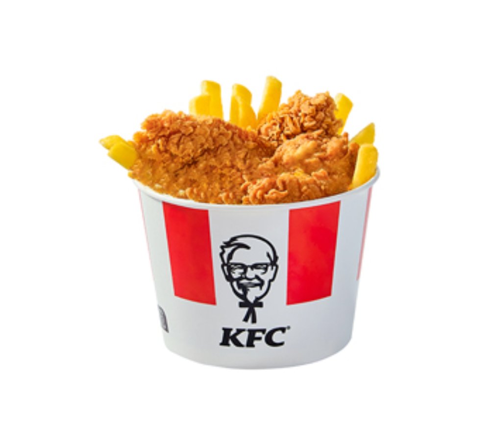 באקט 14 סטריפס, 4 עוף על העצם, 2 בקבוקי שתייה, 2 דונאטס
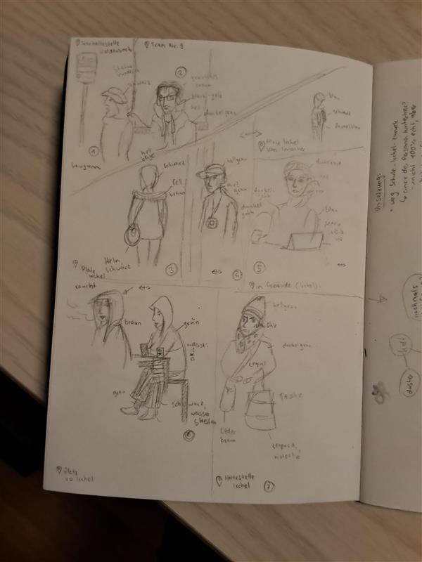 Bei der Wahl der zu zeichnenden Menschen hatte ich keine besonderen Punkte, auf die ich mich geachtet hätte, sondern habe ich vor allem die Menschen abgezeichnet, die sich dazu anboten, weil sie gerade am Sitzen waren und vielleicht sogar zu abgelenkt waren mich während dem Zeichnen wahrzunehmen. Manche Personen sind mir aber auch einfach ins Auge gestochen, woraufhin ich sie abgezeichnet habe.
○ ○ ○ ○ ○ ○ ○
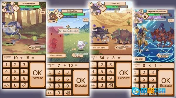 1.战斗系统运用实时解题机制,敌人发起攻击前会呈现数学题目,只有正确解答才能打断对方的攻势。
○ ○ ○ ○ ○ ○ ○
### YOUR GOAL
In the material above, one part opens with the line containing "באקט 14 סטריפס, 4" and closes with the line containing "Bei der Wahl". Write out that part exactly and skip its pictures.

### COMPLETED EXERCISE
 באקט 14 סטריפס, 4 עוף על העצם, 2 בקבוקי שתייה, 2 דונאטס
 Bei der Wahl der zu zeichnenden Menschen hatte ich keine besonderen Punkte, auf die ich mich geachtet hätte, sondern habe ich vor allem die Menschen abgezeichnet, die sich dazu anboten, weil sie gerade am Sitzen waren und vielleicht sogar zu abgelenkt waren mich während dem Zeichnen wahrzunehmen. Manche Personen sind mir aber auch einfach ins Auge gestochen, woraufhin ich sie abgezeichnet habe.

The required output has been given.